The developers choice of branding Indigo Prophecy as an "interactive film" rather than an adventure or third-person action title says a lot about the game for me. The strengths of the game are not in its action- the "action" in the game falls flat compared to any number of shooter games. And while the game utilizes a lot of "adventure" game techniques I wouldn't necessarily say that adventure- the kind of adventure found in a game like Zelda or Kings Quest- is one of its strengths either. "Interactive film" is a perfect fit. What Indigo Prophecy does that no other games that I have played can do is tell a compelling story. Like a good film, the story is the driving force. Indigo Prophecy has employed all the essential techniques to story telling from forms like the monomyth to the classic Hollywood action story arc filled with on point character development and Freytag's dramatic structure. The characters are interesting enough for the story move, and what’s even more exciting is that to some effect you can control them.
I'm not sure that Aarseth’s concept of “ergodic literature” is applicable to this game. The game does succeed in not being a book or a movie in that the text must be activated extranoematically as Aarseth says: "The performance of their reader takes place all in his head, while the user of cybertext also performs in an extranoematic sense. During the cybertextual process, the user will have effectuated a semiotic sequence, and this selective movement is a work of physical construction that the various concepts of "reading" do not account for”. As a player of Indigo Prophecy you prompt questions, the player is responsible for the health and well being of characters the player "fights” other players. But all of those actions, as exciting as they are, still work at the service of an already written plot.
Aarseth's concept of cybertext does not account for such an already existing plot: "cybertext shifts the focus from the traditional threesome of author/sender, text/message, and reader/receiver to the cybernetic intercourse between the various part(icipant)s in the textual machine. In doing so, it relocates attention to some traditionally remote parts of the textual galaxy, while leaving most of the luminous clusters in the central areas alone." Just because the game is not opensource does not make it a bad game. The game would fail if it were open source, in the same way it would fail if all the characters were doing was shooting each other.

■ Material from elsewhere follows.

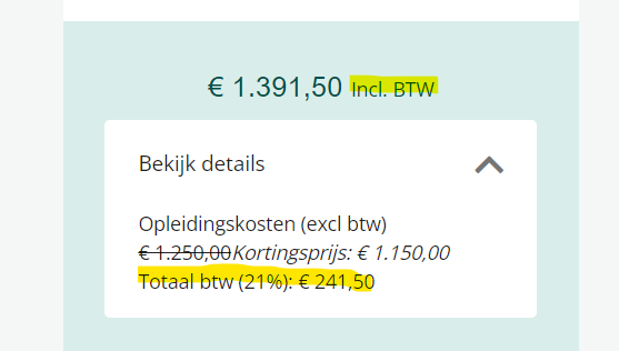 Toon BTW label Als deze optie aangevinkt is wordt op de leeractiviteitenpagina het label ‘inclusief BTW’ getoond achter de totaalprijs.

The game takes the already existing form of film and translates into interactive media. Rather than having elements lost in translation, the game makes film immediate and almost real. I feel like I really know Lucas Kane. I feel closer to him, because I have lived as him, and I do things for him. I have taken a shower with him. In the same way New York feels even more real in this game then it would in a movie because I get to traverse the landscape rather than just look at it. With out the story I think I may get bored after a while. Say this were an opensource game, and I was exploring looking for things and people to network with after a while I would have to make up my own story that the system probably could not support. Indigo Prophecy allows space for the player to be involved yet enough structure to keep them interested.